2.9. Immunochromatographic Strip Compared with ELISA

In total, 150 serum samples were collected from three swine herds in Zhejiang province and the immunochromatographic strip and Porcinecircovirus 2 Cap ELISA kit (antigen testing, Beijing Median Biotek Co., Ltd., (Beijing, 100000, China) were used to test the 150 serum samples.

The immunochromatographic strip is qualitative detection method, Porcinecircovirus 2 Cap ELISA kit is quantitative detection method. Therefore, we used a Kappa test to analyze the differences between the two sets of data.

The Kappa consistency test is a statistical method used to evaluate the consistency level of two or more evaluators on categorical data. It not only tells us whether there is consistency between evaluators, but also quantifies the degree of consistency through a Kappa value.
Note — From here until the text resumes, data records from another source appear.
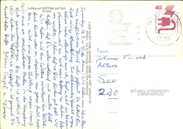 72495861 alte Postkarte Keitum Sylt Kirche Fliegeraufnahme postalisch gelaufen Erhaltung siehe scans KatCode: 11110001054133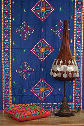 GURU SHOP Besticktes Tuch mit Spiegelchen, Indisches Boho Wandtuch, Pareo – Blau, Baumwolle, 220×110 cm, Bettüberwurf…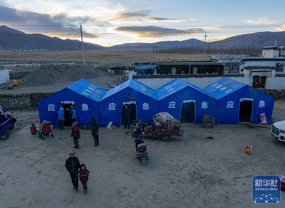 1月7日,在拉孜縣曲下鎮(zhèn)土林村,受災(zāi)群眾搬入應(yīng)急帳篷(無(wú)人機(jī)照片)。新華社記者 姜帆 攝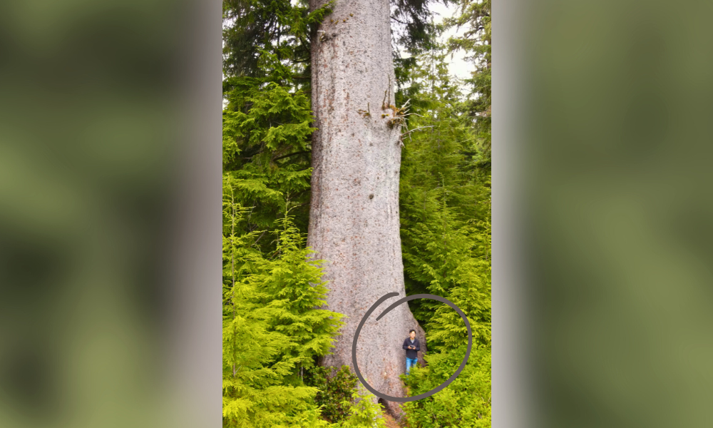 On a site visit to the forests near Port Hardy for a project with the Indigenous Forestry Initiative program, we were guided to this awe-inspiring spruce — an ancient survivor standing strong through decades of windstorm, insect outbreaks and logging. It is a living testament to resilience and history. — Chengdong Fang, forestry development officer

Kappa values between 0.61 and 0.80 were considered to indicate ‘high’ consistency, while those between 0.81 and 1.00 indicated ‘extremely strong’ consistency.

2.10. Development of Magnetic Chemiluminescence Immunoassay

2.10.1. Conjugation of Polyclonal Antibody with Magnetic Bead

A measure of 0.9 mL of 0.02 M sodium borate buffer was incubated with 0.1 mL of magnetic bead solution with rapid stirring (220 rpm) for 5 min; then, 0.2 mL 1-(3-Dimethylaminopropyl)-3-ethylcarbodiimide hydrochloride solution (EDC, 1 mg/mL) and 0.1 mL of anti-PCV2-Cap polyclonal antibody (1 mg/mL) was added to the stirred solution. After the mixture was stirred for 15 min at 25 °C, 1 mL of BSA solution (2 mg/mL) was added to the stirred solution and the mixture was continuously stirred for 60 min. Next, the stirred solution was harvested by centrifugation (12,000 rpm for 15 min) and the precipitation was the magnetic beads-labeled polyclonal antibody. As a final step, the precipitation was added to 1 mL of 0.02 M sodium borate buffer; then, the solution was stored at 4 °C.
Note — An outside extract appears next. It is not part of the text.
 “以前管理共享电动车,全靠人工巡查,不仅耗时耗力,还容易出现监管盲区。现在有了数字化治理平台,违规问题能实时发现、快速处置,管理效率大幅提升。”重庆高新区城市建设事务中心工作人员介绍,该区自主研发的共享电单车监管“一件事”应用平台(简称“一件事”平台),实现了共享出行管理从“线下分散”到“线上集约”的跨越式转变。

2.10.2. Conjugation of Monoclonal Antibody with Acridine Ester

Measures of 0.1 mL of monoclonal antibody (1 mg/mL) and 7.87 μL acridine ester solution (0.5 mg/mL) were added to 0.8 mL of 0.02 M sodium borate buffer; the mixture was stirred (220 rpm) for 3 h. Then, conjugation was ended by the addition of 10 μL lysine solution (10% lysine). Finally, the stirred solution was purified using a Matrix Sephadex™ G-25 Fine.

2.11. Evaluation of Magnetic Chemiluminescence Immunoassay

2.11.1. Preparation of Sample Solution

In the testing process of magnetic chemiluminescence immunoassay, place 5 μL of serum sample and 95 μL of sample diluent (0.01 M PBS) into a reaction tube and mix them together. Place 100 μL of probe solution and 100 μL of acridine ester-labeled antibody into a reaction tube and mix them together. The reaction tube should be stored at 37 °C for 25 min. Place the reaction tube on a magnetic rack for magnetic separation; the reaction solution should be discarded and 1000 μL of washing buffer should be added into tube for cleaning. Put the reaction tube into the automatic chemistry system; the system will inject 100 μL buffer A and 100 μL buffer B into the tube. Finally, the system will detect the relative light unit (RLU).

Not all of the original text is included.